Kenya also faced claims that it sought to bring matters that were subjudice to this ASP. This was the argument that drove European member states to resist the Kenyan agenda. Kenya’s response to this was that a precedent had already been set in 2013 where issues had been introduced, discussed and resolutions passed, which directly affected active pending proceedings before the court. No claims of subjudice or interference with the court’s independence had been made then; so there was no justification to any such claims being made now.
Kenya also quoted an opinion from the court itself on this issue. Judge Eboe Osuji while addressing the Prosecutor’s challenge to the ASP’s legislative powers in a related matter had stated: “Examples abound in domestic legislative practice where gaps in Statute law were subsequently filled by the legislature following subsequent events that exposed the gaps. Judges will do their best in good faith to fill gaps through reasonable construction but it remains the prerogative of the legislature to fill any gaps they see a need to fill regardless of the interpretations offered by judges. “Kenya was therefore arguing that even the court itself recognised that the ASP could discuss and decide matters before it, if and when circumstances demanded it.
There has also been the argument that Kenya wasted resources on a matter that relates to the personal problems of William Ruto and Joshua Sang. However Ruto and Sang cannot speak at the ASP because they are not member states. However, as two Kenyan citizens before the ICC they have the right to expect their country to defend them if and when the ICC applies amendments passed by the ASP that go against basic principles of justice. This is a fundamental right that Kenya as a state owes not just to Ruto and Sang, but to each and every Kenyan who should find themselves in similar or related circumstances. I personally expect that should some foreign institution ever apply laws that are unfair, Kenya, and my fellow Kenyans, will stand up for me. This is an obligation that every state owes each of its citizens, whatever their status.

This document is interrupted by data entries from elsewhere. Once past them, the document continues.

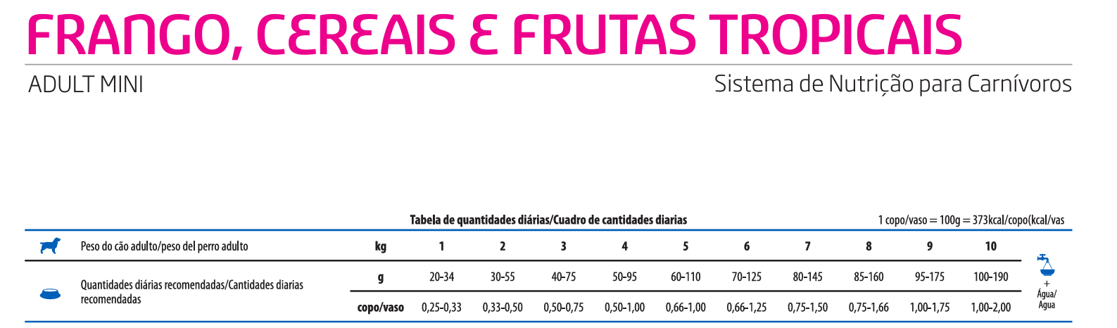 Pollo (carne mecánicamente separada de pollo, harina de vísceras de pollo – mín. 20%), cereales y frutas (avena, granos de sorgo, cebada em granos, plátano deshidratado, papaya deshidratada, kiwi deshidratado, mango deshidratado – mín. 35%), harina de chicharrón (piel de cerdo), harina de pescado, huevo en polvo, aceite de pollo, aceite de pescado, sub-producto de arroz, sub-producto de trigo, pulpa de remolacha, levadura seca de cervecería (Saccharomyces cerevisiae), zanahoria deshidratada, aditivos prebióticos (FOS y MOS), DL-metionina, taurina, L-carnitina, sulfato de condroitina, sulfato de glucosamina, aditivos adsorbentes (extracto de yuca (Manihot esculenta) y zeolita), hidrolizado de hígado de aves y cerdos, vitaminas (A, D3, E, B1, B2, B5, B6, B12, C, biotina, niacina, ácido fólico, cloruro de colina), cloruro de sodio, cloruro de potasio, hierro aminoácido quelato, cobre aminoácido quelato, zinc aminoácido quelato, manganeso aminoácido quelato, proteinato de selenio, yodato de calcio, propionato de calcio, concentrado de tocoferoles.
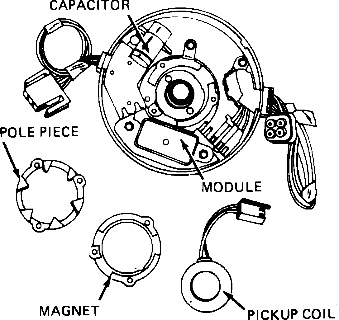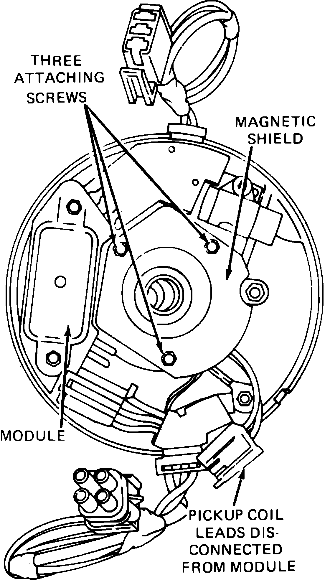 8. Remove module retaining screws and capacitor screw, then remove module, capacitor and harness assembly from distributor.
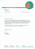 Sportlerball Weilheim 17. September 2005 (...) im Namen des Tennisclub Weilheim darf ich mich nochmals herzlich bei Ihnen und Ihren Band-Mitgliedern für die hervorragende musikalische Umrahmung anlässlich unseres Festaktes "50 Jahre TCW Weilheim" bedanken. Durch Ihr stimmungsvolles, unterhaltsames Musikprogramm haben Sie wesentlich zum Gelingen unserer Veranstaltung beigetragen. Ich habe von allen Besuchern unseres Festabends, ob Alt oder Jung, nur positive Resonanzen erfahren. (...) <zum Sportlerball in der Limburghalle in Weilheim am17.09.2005> |
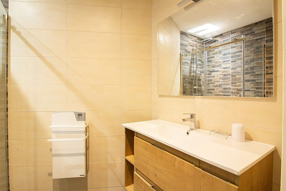 Salle de bain avec douche, sèche-serviette, sèche-cheveux et toilettes.

The counter argument to this has been that the right place for Kenya to take its complaints was the Court, not the ASP. However Kenya is not a party to the Ruto-Sang case and could only ask to appear in court as amicus curiae. Kenya did that. However the court decided it was not interested in having such a relationship with Kenya. Kenya therefore did not even have the option of going to cCourt.
So Kenya went to ASP 14 and got the assembly to agree that ASP 12 never intended for the amendments to Rule 68 to be applied retroactively. This decision is now part of the ASP President’s report on ASP 14, and supports the resolution on Rule 68 that was made by ASP 12 in 2013. This is all that Kenya wanted at ASP 14. They got it. How anyone can then genuinely argue that Kenya failed at ASP 14 completely baffles me!
Ngunjiri is a director of Change Associates, a political consultancy.